我不知道你想进行什么样的分析,但你说通常你会做:comp_imp<-complete(imp,"long")
,所以我会尝试相应地回答。
对我来说,第一种方法 returns a data.frame,但没有任何遗漏。这很奇怪,因为 complete(imp_gen1,"long")
中缺少 hyp
中的数据。我不知道 rbind.mids
在那里做什么。
因此我会采用您的第二种方法。
complete(., "long")
的结果是正常的data.frame,因此不需要绑定rbind.mids
。
我会将您的第二种方法更改为:
library(dplyr)
complete_imp1 <- complete(imp_gen1, "long")

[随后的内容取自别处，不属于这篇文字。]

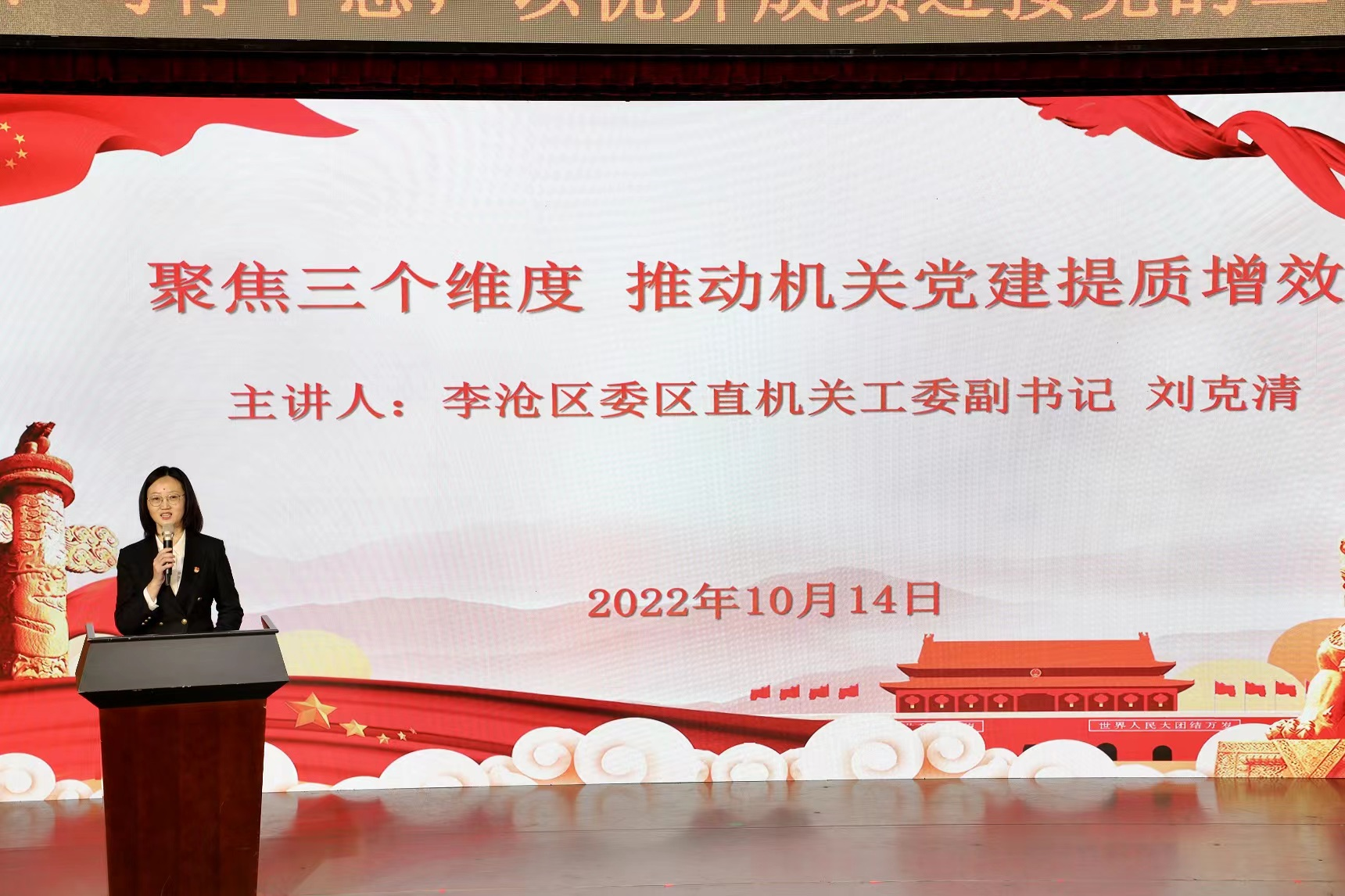 青岛日报社/观海新闻10月14日讯 为迎接党的二十大胜利召开,团结引导全区广大党员干部牢记嘱托走在前,勇担使命开新局,今天上午,由李沧区委组织部主办、李沧区委区直机关工委承办的“喜迎二十大 建功新李沧”主题党日活动在区文化馆举行,并面向全区各级基层党组织线上直播。

complete_imp2 <- complete(imp_gen2, "long")
combined_imp <- bind_rows(complete_imp1, complete_imp2)
complete_imp1 <- complete(imp_gen1, "long")
已经 returns 10(m
参数)估算的数据帧,只需计算 complete_imp1
的总行数并乘以 m
您可以使用以下内容创建一个新的 mids 对象,其中包含 10 个男性和女性的估算数据集。
comp_imp <- rbind(pred_gender_0, pred_gender_1)
这样做会调用 rbind.mids,而不是 R 中的常规绑定函数。返回的新对象可以用通常的方式进行分析,例如使用 with.mids 将您想要的模型拟合到每个估算的数据集。